Reagan’s body was expected to be taken to his presidential library and museum in Simi Valley, Calif., and then flown to Washington to lie in state in the Capitol Rotunda. His funeral was expected to be at the National Cathedral, an event likely to draw world leaders. The body was to be returned to California for a sunset burial at his library.

President Bush, after attending D-Day 60th anniversary ceremonies on the Normandy beaches,  planned to arrive in Sea Island, Georgia, late on Sunday to play host to a Group of Eight summit. The White House left open the possibility of a change in his schedule later in the week for Bush to attend to Reagan memorial duties.

The Associated Press and Reuters contributed to this report.

Ronald Reagan, 1911-2004

An indefatigable optimist who set America on a conservative course

By Tom Curry
National affairs writer
MSNBC
Updated: 5:02 p.m. ET June 05, 2004

Ronald Wilson Reagan, the most successful conservative American politician of modern times, died Saturday at his California home at age 93.

Derided by his adversaries as glib, doctrinaire and uninformed — a mere actor, they scoffed — Reagan demonstrated throughout his political career the power that comes from being underestimated.

He won power by defeating overconfident Democratic incumbents — Gov. Pat Brown in California in 1966 and President Jimmy Carter in the 1980 presidential election.

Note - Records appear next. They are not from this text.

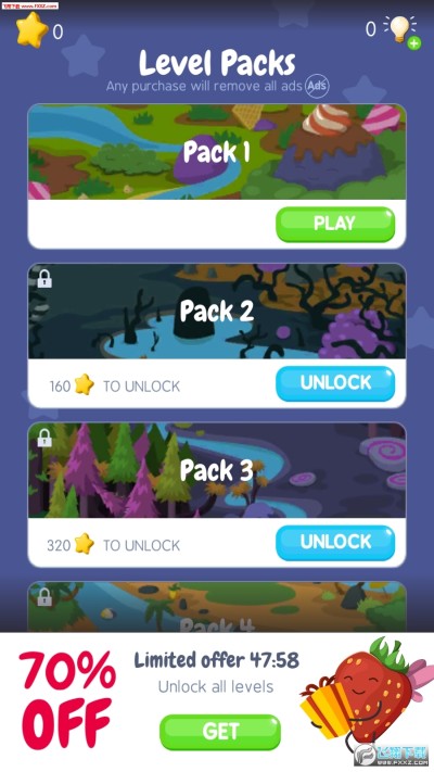 2、闯关游戏模式,手指滑动格子,把路线拼成一条线,冰淇淋、蛋糕就能回家了,不过每个关卡设置3星,用最少的步骤通关,可以收集3颗星,如果星星太少,可以反复挑战。
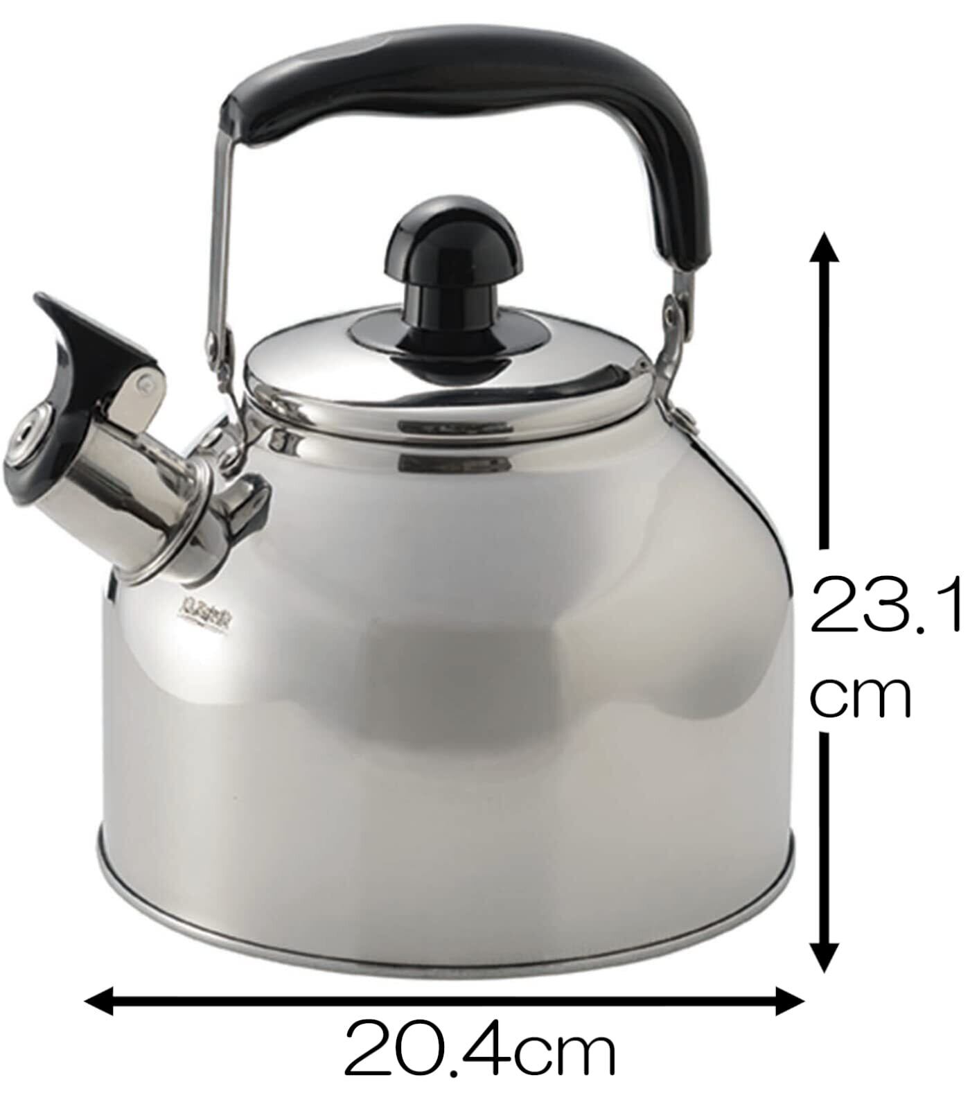 【NIRWAKA】ニルワーカ お湯が沸くと笛を鳴らしてお知らせ! 広口形状で、使いやすい、洗いやすい! HI100V・200V対応 ガスコンロ対応 <商品特徴> 熱効率が高く、安定感もバッチリ、使いやすい底面設計! サビにくく、丈夫で衛生的なステンレス製! <商品仕様> 素材:側面/ステンレス鋼、底面/ステンレス鋼(底の厚さ:0.5mm) フタ/ステンレス鋼、取手・つまみ・笛部/フェノール樹脂 商品サイズ:23.1×20.4×24.6mm 満水容量:3.6L/適正容量:2.7L 重量:755g
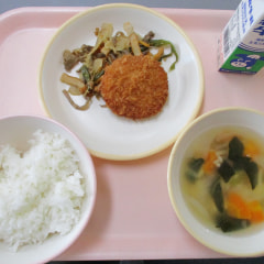 本日のメニューは、ごはん、豆腐汁、チキンカツ、ごぼうのきんぴらでした。
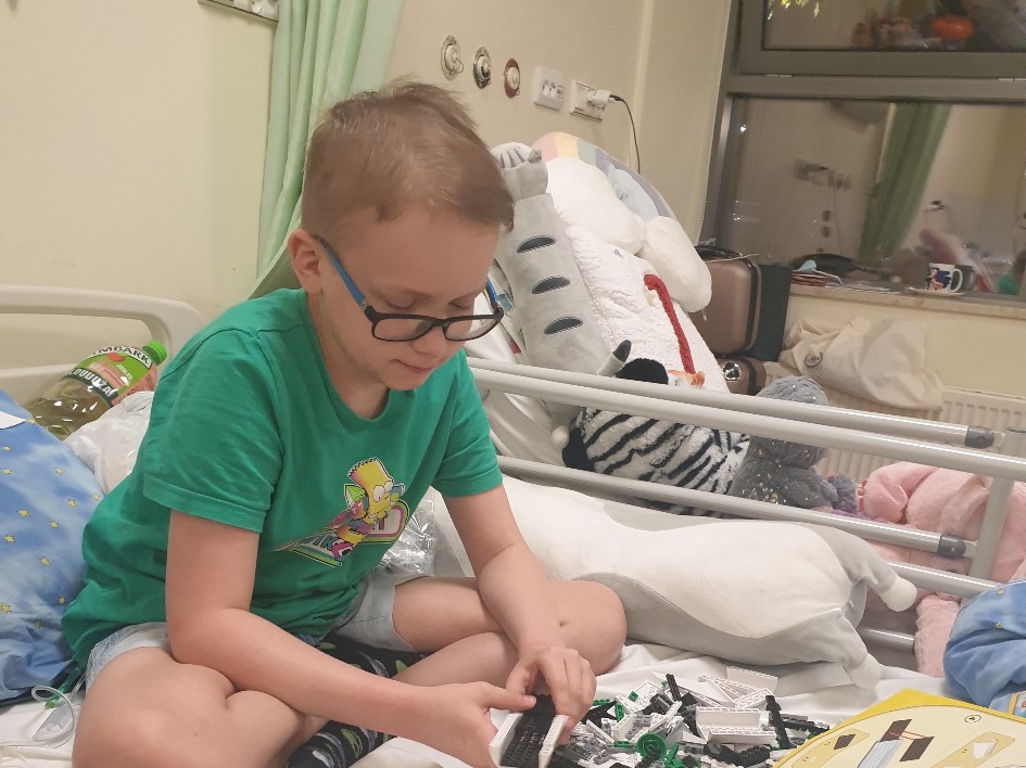 Choroba syna uniemożliwia mi jako mamie powrót do pracy. Przemek ma 13 lat i jest wesołym, wrażliwym chłopcem, który kocha klocki Lego i marzy o tym, by w przyszłości zostać elektro-inżynierem. Niestety w maju 2023r. nasz świat się na chwilę zatrzymał. Początki były trudne, a każdy dzień był dla nas wyzwaniem. Ból, strach, lęk o życie dziecka i morze łez. Rozpoczęło się leczenie sterydami, chemioterapią dożylną i dolędźwiową. Założono również synkowi dożylny centralny cewnik Hickmana, który jest wprowadzony do żyły docentralnej na klatce piersiowej. Protokoły HR ( zwiększonego ryzyka) zniósł niezwykle dzielnie. Synek przechodził bardzo trudne i ciężkie leczenie chemioterapią, które nie obyło się bez powikłań. Synek najbardziej szczęśliwy był kiedy mógł zobaczyć swoją siostrzyczkę chociaż przez chwilę przez szybę szpitalnych drzwi…
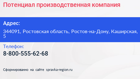 Потенциал, производственная компания по адресу 344091, Ростовская область, Ростов-на-Дону, Каширская, 5 в дальнейшем Организация, размещена в следующих категориях:
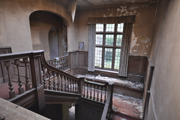 Here is the amazing staircase inside this abandoned ranch style home!!
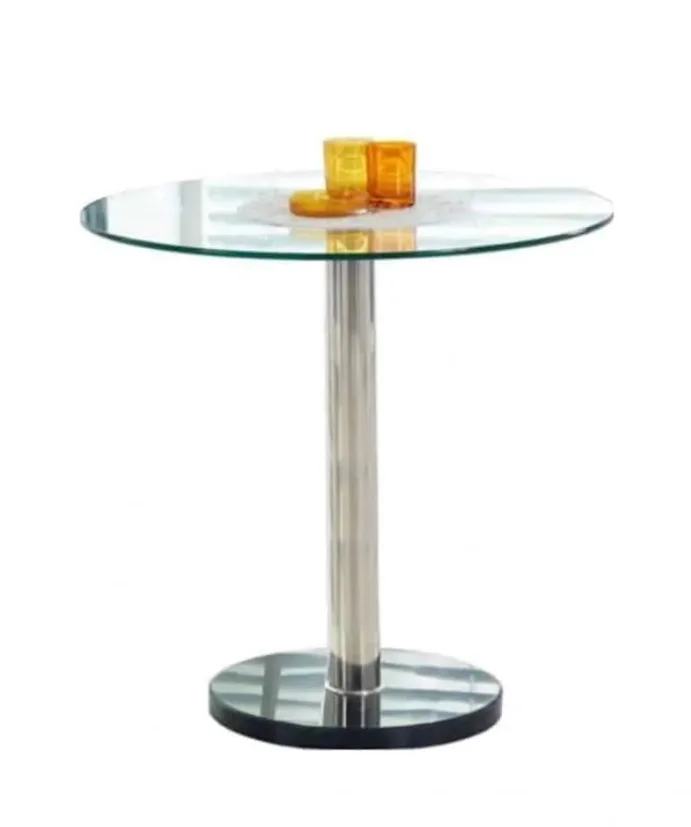 Jídelní stůl MARKAB kombinuje desku z čirého skla s nohami z chromované oceli, čímž vzniká lehký a elegantní kousek do každé jídelny. Deska je vyrobena z odolného čirého skla a konstrukce z chromované oceli zajišťuje pevný základ pro každodenní použití. Rozměry: průměr 80 cm, výška 74 cm. Židle nejsou součástí balení. Dodání probíhá v demontu. Díky svému minimalistickému provedení je vhodný pro moderní i klasické interiéry a snadno se čistí, takže vám dlouho vydrží krásný vzhled.
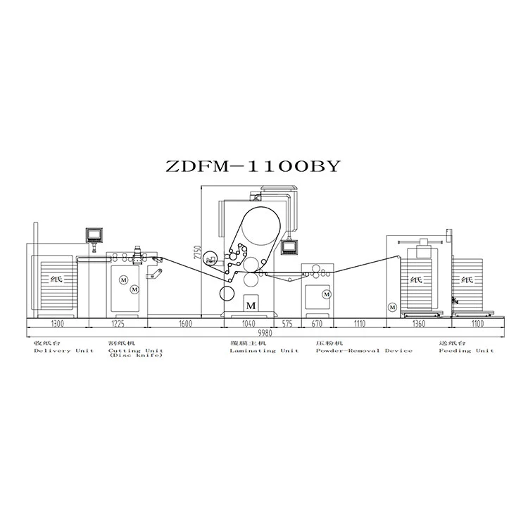 A nyomtatott anyagot a papír szállítószalag a meghatározott elülső pozícióba továbbítja, majd betáplálja. A fóliát az adagolóberendezés betáplálja, ragasztóval bevonja és megszárítja. A papírt és a fóliát az elektromágneses fűtőhenger és a gumi nyomóhenger nyomás alá helyezik, majd laminálják. Vágja le a papír átfedő részét egy késtárcsával vagy csiszolópapírkoronggal, és válassza le a papírt a papírhúzó hengerrel. Ezután a szétválasztott késztermékeket egy automatikus papírfogadó és kötegelő rendszerbe küldik egy szállítószalagon az egyes késztermékek összegyűjtésére.
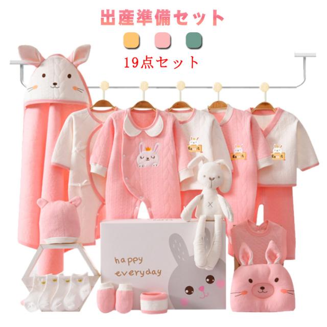 ベビー服 女の子 出産準備セット ロンパース ぬいぐるみ 上下セット よだれかけ 帽子 手袋 ソックス 男の子 おくるみ 枕 ウサギ柄 干支 おしゃれ ウサギ年 新生児肌着 19点セット 初産 セット 赤ちゃん 通年 ギフト かわいい 退院着 お宮参り 出産祝い 長袖
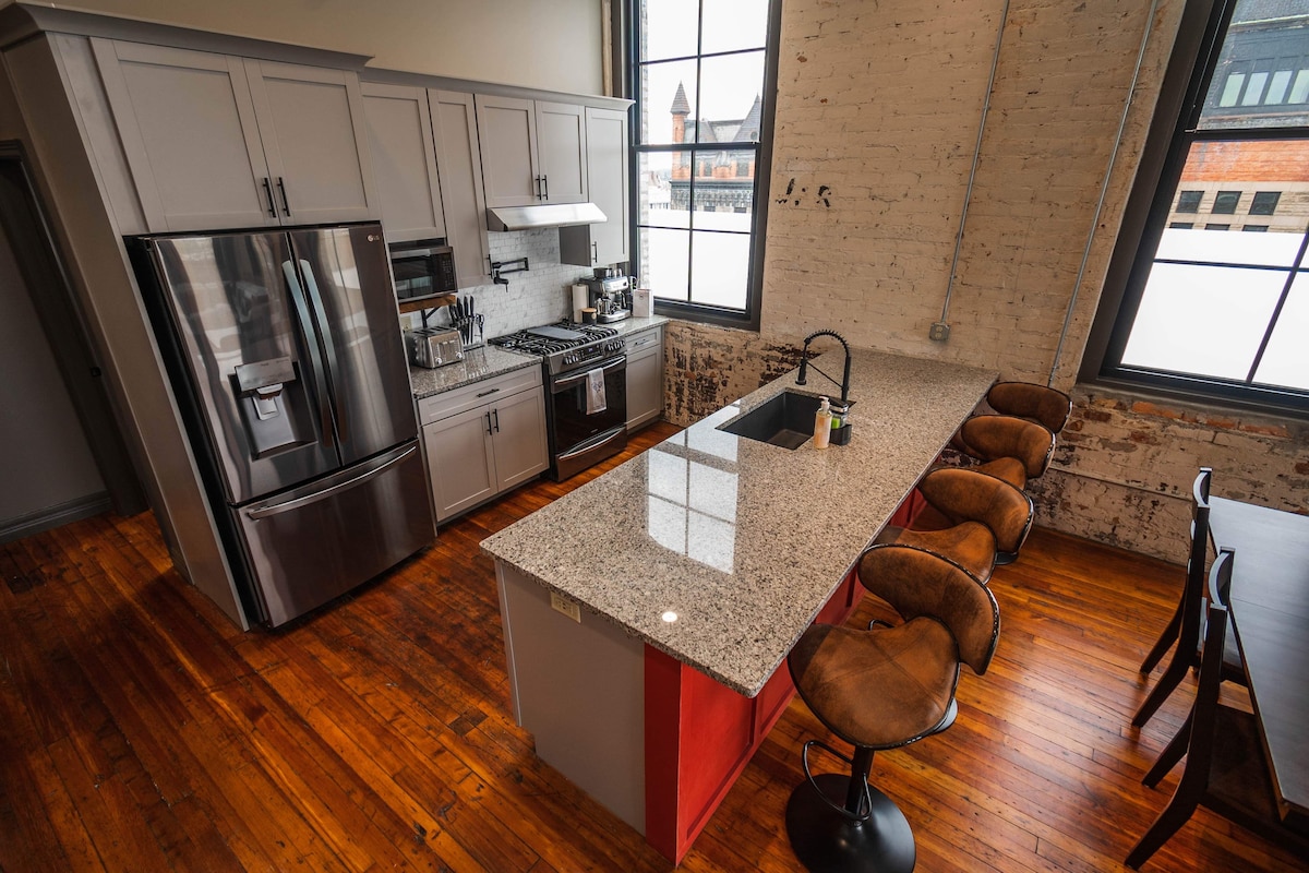 Boka din vistelse i hjärtat av Toledo centrum i de överdådiga och charmiga Wonder Bread Lofts. Dessa nybyggda loftlägenheter erbjuder en unik upplevelse med bekvämligheten av "kontaktlös" in- och utcheckning. Denna enhet är fullt möblerad med en ny minnesskum queen-size säng (6/5/22), smart-TV, soffa, arbetsstation, fullt utrustat kök, med tvättmaskin och torktumlare. Inkluderar fullt utrustat badrum med dusch och höghastighets wifi. Perfekt för affärsresenärer eller helgbesökare.

“It was said of Dwight Eisenhower (and could have been said of Ronald Reagan) that his smile was his philosophy,” wrote columnist George Will. And many Americans found Reagan’s smiling optimism appealing.

Federal spending little changed
But Reagan never was able to bring about the conservative revolution that his disciples had hoped for.

When he became president in 1981, federal spending accounted for 22 percent of the Gross Domestic Product; when he left office eight years later, federal spending was 21 percent of the GDP.

“Ultimately, the fact that Ronald Reagan left office as the most popular president in modern history means that he settled for less change than either he or his supporters wanted or could have gotten,” Wall Street Journal editorialist John Fund wrote in 1989.

Another conservative, Ralph Reed, former executive director of the Christian Coalition, viewed the Reagan presidency with chagrin: “His eight years in office did little to transform a political culture that had become insensitive to religious values and uncaring about innocent human life.”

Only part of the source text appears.